Financial analyst Kweku Adoboli says the 2026 budget presented by Finance Minister Cassiel Ato Forson is ambitious and heavily anchored on the government’s ability to eliminate leakages, enforce spending discipline and convert recent macroeconomic gains into jobs.
Speaking on the Asaase Breakfast Show on Friday (14 November), Adoboli said the Finance Minister projected the image of a public servant “determined to do his best for Ghana,” but the viability of his plan depends largely on whether government can sustain fiscal controls beyond the IMF programme.
Adoboli noted that the budget attempts to answer a key question Ghanaians have asked for months: how macroeconomic stability translates into improved livelihoods. According to him, the minister’s response came in three forms — tax cuts, infrastructure expansion, and job creation.

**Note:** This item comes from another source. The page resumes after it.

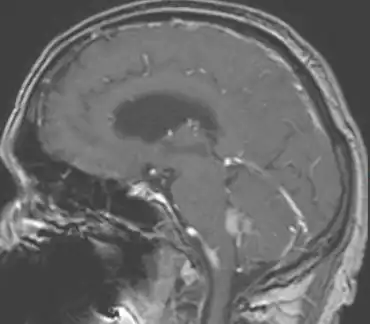 {{cite journal}}: CS1 maint: unflagged free DOI (link) - ↑ 8.0 8.1 Meyers SP, Khademian ZP, Chuang SH, Pollack IF, Korones DN, Zimmerman RA (September 2004). "Choroid plexus carcinomas in children: MRI features and patient outcomes". Neuroradiology. 46 (9): 770–780. doi:10.1007/s00234-004-1238-7. PMID 15309348. S2CID 22235664.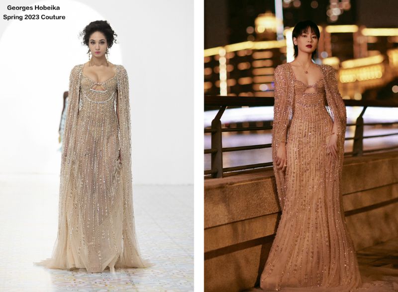 另外一套裸色的Georges Hobeika高定則走的是一個仙氣飄飄的路線。

He highlighted the removal of the COVID levy, the reduction of VAT from 22% to 20%, and a massive GHC30 billion infrastructure investment to support roads, agriculture and logistics. According to the minister, these interventions, together with a GHC250,000 job programme in the oil palm value chain, are expected to drive the creation of nearly 800,000 jobs.
But Adoboli questioned funding sources. “As he was talking, the question that kept coming to me was: how is he going to pay for all of this?” he said.
He explained that the minister’s argument rests on shutting down leakages — including the suspension and auditing of billions in questionable payments at GRA and MDAs — as well as curbing wasteful expenditure such as ministerial travel.
Adoboli said the minister’s confidence comes partly from progress already made. Inflation has dropped from 54% at the peak of the crisis to 8.1%, he noted, adding that both the previous and current administrations deserve credit for stabilisation efforts under the IMF-backed reforms.
He also pointed to the staggering revelation of US$33 billion in “fake imports” between April 2020 and August 2025 — a loophole he believes the minister intends to close to recover significant revenue. “The level of exploitation he pointed to shows how much resources are available if loopholes are blocked,” Adoboli said.
He argued that job creation targets are achievable only if government remains uncompromising on fiscal discipline and focuses heavily on agriculture-led industrialisation, particularly the development of transport corridors like the proposed Accra–Kumasi Expressway.
Despite his cautious optimism, Adoboli warned that Ghana’s history of policy slippages means citizens must remain vigilant.
“Ghanaians should hold this government to account,” he said. “If they maintain this discipline, they can get there; if not, it will be business as usual.”